Below, find the line containing "選用包種茶粉研磨,一咬下去口裡溢滿茶香" and the line containing "ASW Standrohrverschraubung AG"; reproduce exactly those two and every line between them, omitting pictures.

Excerpted data ->
=======

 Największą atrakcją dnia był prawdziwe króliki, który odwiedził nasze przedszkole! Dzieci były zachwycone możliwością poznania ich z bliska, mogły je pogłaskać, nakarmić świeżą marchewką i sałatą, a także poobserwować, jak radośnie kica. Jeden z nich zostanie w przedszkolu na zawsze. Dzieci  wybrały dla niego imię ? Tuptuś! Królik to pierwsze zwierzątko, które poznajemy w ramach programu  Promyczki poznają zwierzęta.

=======

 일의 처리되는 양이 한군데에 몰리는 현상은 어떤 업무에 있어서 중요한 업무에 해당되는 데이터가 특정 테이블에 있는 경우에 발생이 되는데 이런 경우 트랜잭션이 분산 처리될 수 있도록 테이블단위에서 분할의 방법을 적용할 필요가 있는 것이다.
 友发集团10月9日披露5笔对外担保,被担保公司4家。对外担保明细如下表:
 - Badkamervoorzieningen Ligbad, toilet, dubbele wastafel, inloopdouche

=======

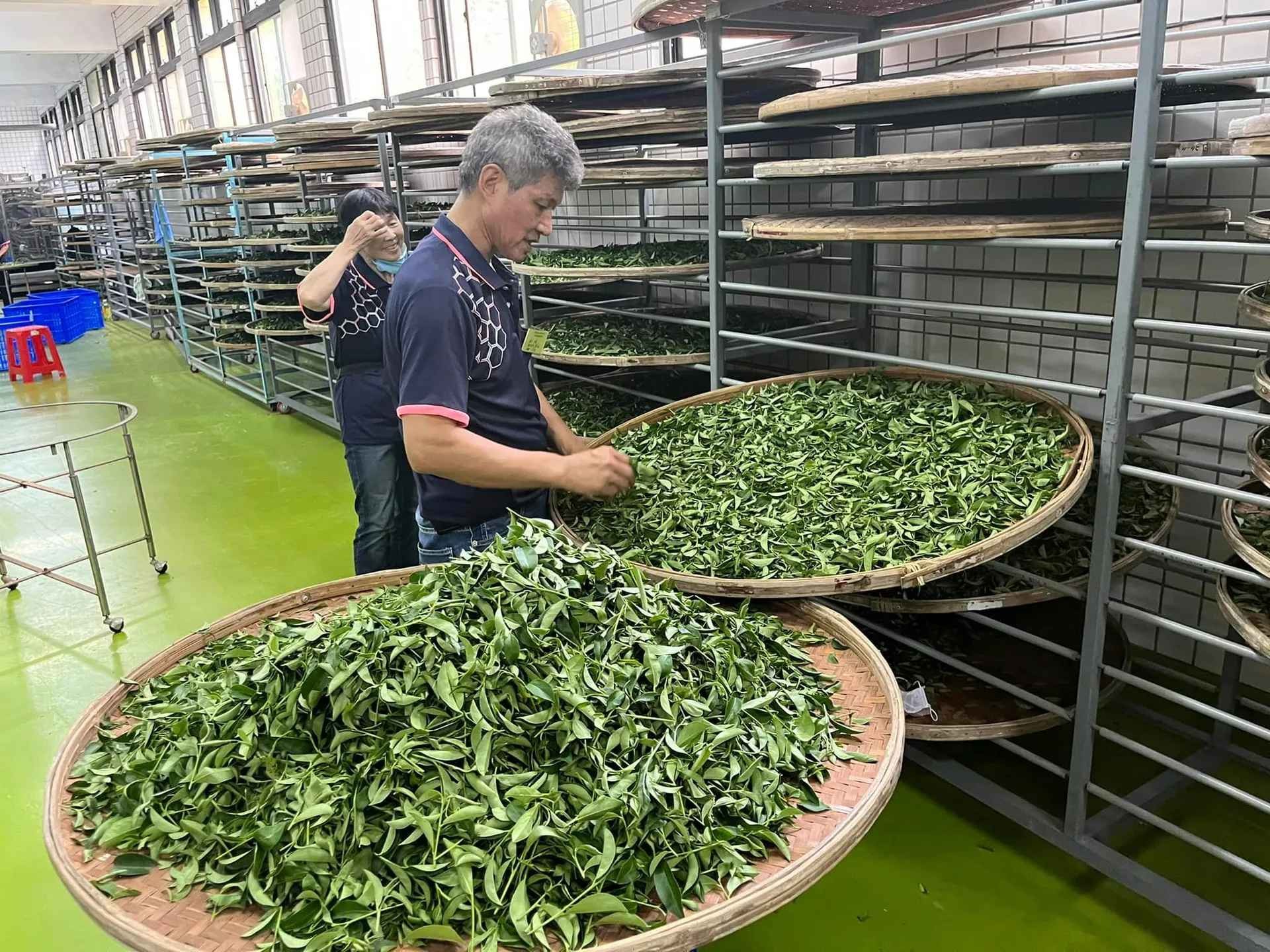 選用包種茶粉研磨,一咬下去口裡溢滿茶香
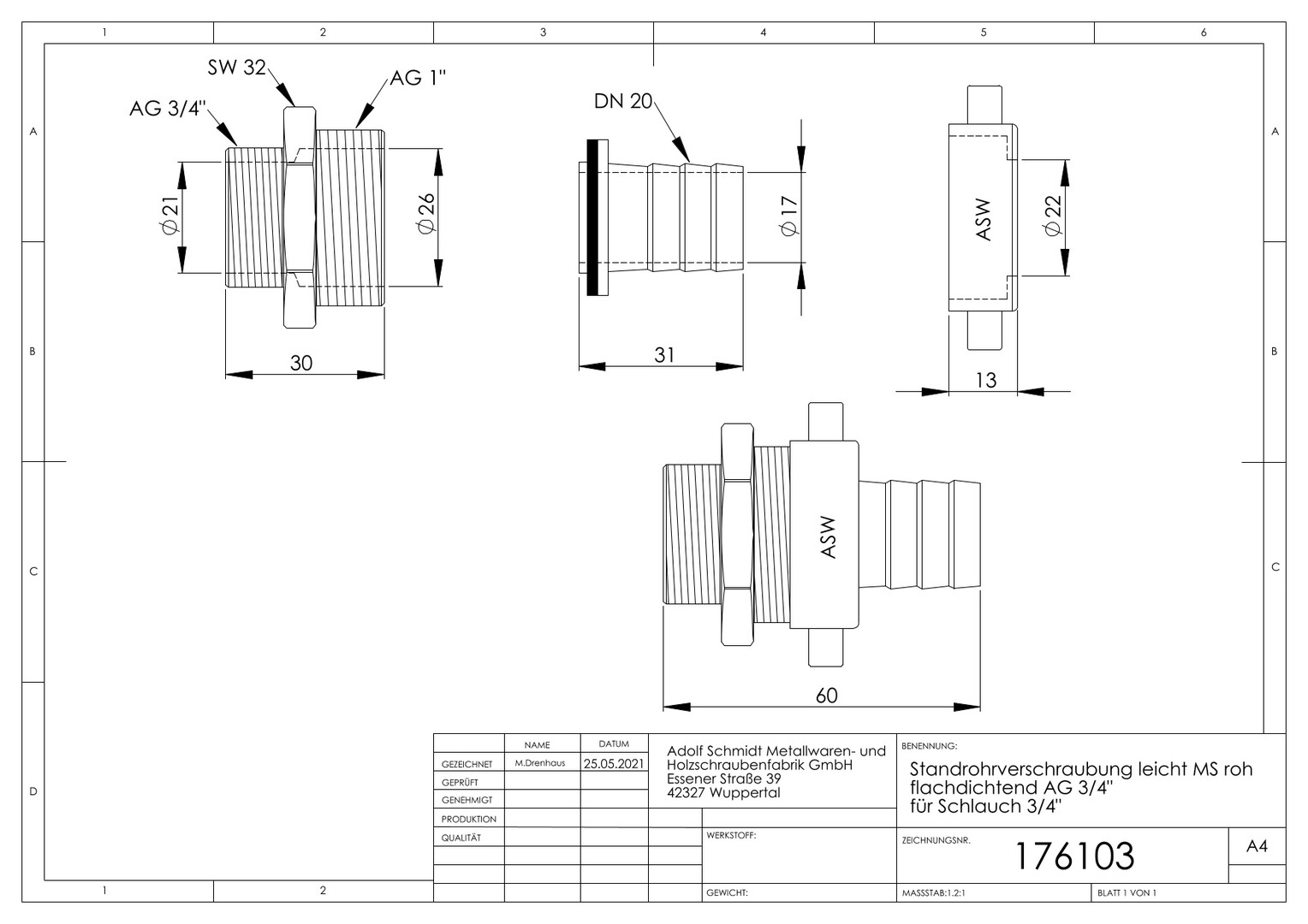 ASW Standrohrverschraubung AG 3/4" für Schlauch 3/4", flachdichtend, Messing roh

=======

Completed task ->
 選用包種茶粉研磨,一咬下去口裡溢滿茶香
 ASW Standrohrverschraubung AG 3/4" für Schlauch 3/4", flachdichtend, Messing roh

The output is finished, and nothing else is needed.